## ABOUT THIS TASK
Images are to be skipped; everything else in the records must be repeated exactly.
──────── MATERIAL SHOWN
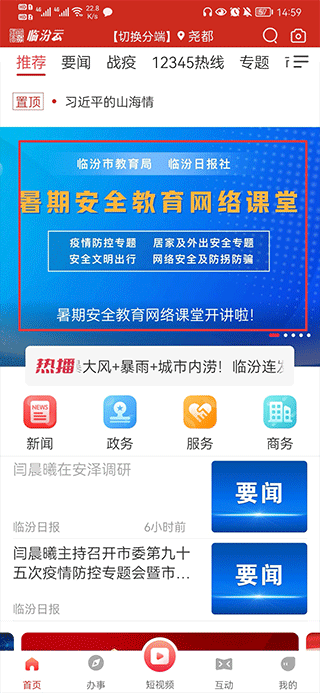 1、打开临汾云app,在首页中点击进入暑期安全教育网络课堂
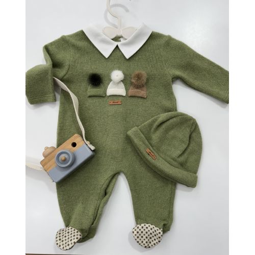 Tutina in lanetta verde oliva con tre cappellini sul petto con pon pon a pelliccia, cappello coordinato. Made in Italy.
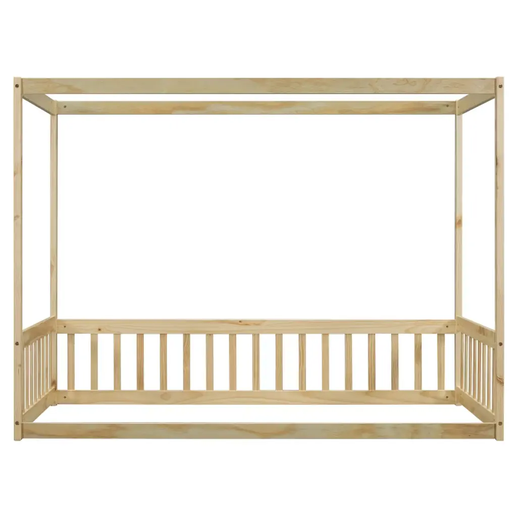 This floor bed features a wooden canopy frame that can be decorated with curtains or ornaments for a dreamy vibe. Its guardrails enhance stability, fit standard floor-placed mattresses, and ensure safe sleep. Made of premium pine wood, the sturdy structure offers lasting durability. With guardrails on three sides and an open side for easy access, it creates a private space for play and reading. Shipped in one package with a manual and hardware, assembly is easy. Recommended for thin mattresses, it blends aesthetics and practicality to provide a safe, cozy space for rest and activities.
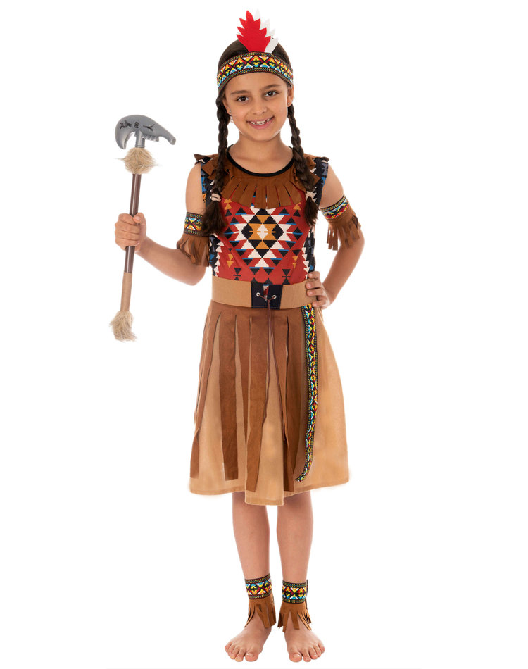 Howgh! Ein knielanges Kleid für kleine Indianerinnen in typischem Sandbraun. Mit diesem Outfit verwandelt sich ihr Nachwuchs im Handumdrehen in eine Häuptlingstochter und gleichsam zum Star einer jeden Kostümfeier. Das Kleid ist auf dem Oberteil mit einem bunten Aztekenprint und einem Kragen mit Fransen versehen. Auch der Gürtel sowie die Arm-, und Fußgelenkbänder verfügen über die Fransen in Wildleder-Optik und sorgen für den charakteristischen Indianerlook. Das bunte Printmuster wiederholt sich ebenfalls an Bändern, Gürtel und dem schicken Stirnband mit Blattmotiv.
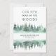 Our New Neck of the Woods Moving Announcement card which you can customize with your names, new address and any additional information you want to include. The design features a watercolor forest border of green pine trees and decorative typography for the opening headline "our new neck of the woods".
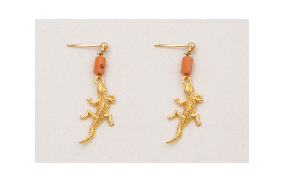 Pendientes ORO-18K-3MICRAS perno bolita colgante lagarto y tubo coral.
────────────────
## FINISHED EXERCISE
 1、打开临汾云app,在首页中点击进入暑期安全教育网络课堂
 Tutina in lanetta verde oliva con tre cappellini sul petto con pon pon a pelliccia, cappello coordinato. Made in Italy.
 This floor bed features a wooden canopy frame that can be decorated with curtains or ornaments for a dreamy vibe. Its guardrails enhance stability, fit standard floor-placed mattresses, and ensure safe sleep. Made of premium pine wood, the sturdy structure offers lasting durability. With guardrails on three sides and an open side for easy access, it creates a private space for play and reading. Shipped in one package with a manual and hardware, assembly is easy. Recommended for thin mattresses, it blends aesthetics and practicality to provide a safe, cozy space for rest and activities.
 Howgh! Ein knielanges Kleid für kleine Indianerinnen in typischem Sandbraun. Mit diesem Outfit verwandelt sich ihr Nachwuchs im Handumdrehen in eine Häuptlingstochter und gleichsam zum Star einer jeden Kostümfeier. Das Kleid ist auf dem Oberteil mit einem bunten Aztekenprint und einem Kragen mit Fransen versehen. Auch der Gürtel sowie die Arm-, und Fußgelenkbänder verfügen über die Fransen in Wildleder-Optik und sorgen für den charakteristischen Indianerlook. Das bunte Printmuster wiederholt sich ebenfalls an Bändern, Gürtel und dem schicken Stirnband mit Blattmotiv.
 Our New Neck of the Woods Moving Announcement card which you can customize with your names, new address and any additional information you want to include. The design features a watercolor forest border of green pine trees and decorative typography for the opening headline "our new neck of the woods".
 Pendientes ORO-18K-3MICRAS perno bolita colgante lagarto y tubo coral.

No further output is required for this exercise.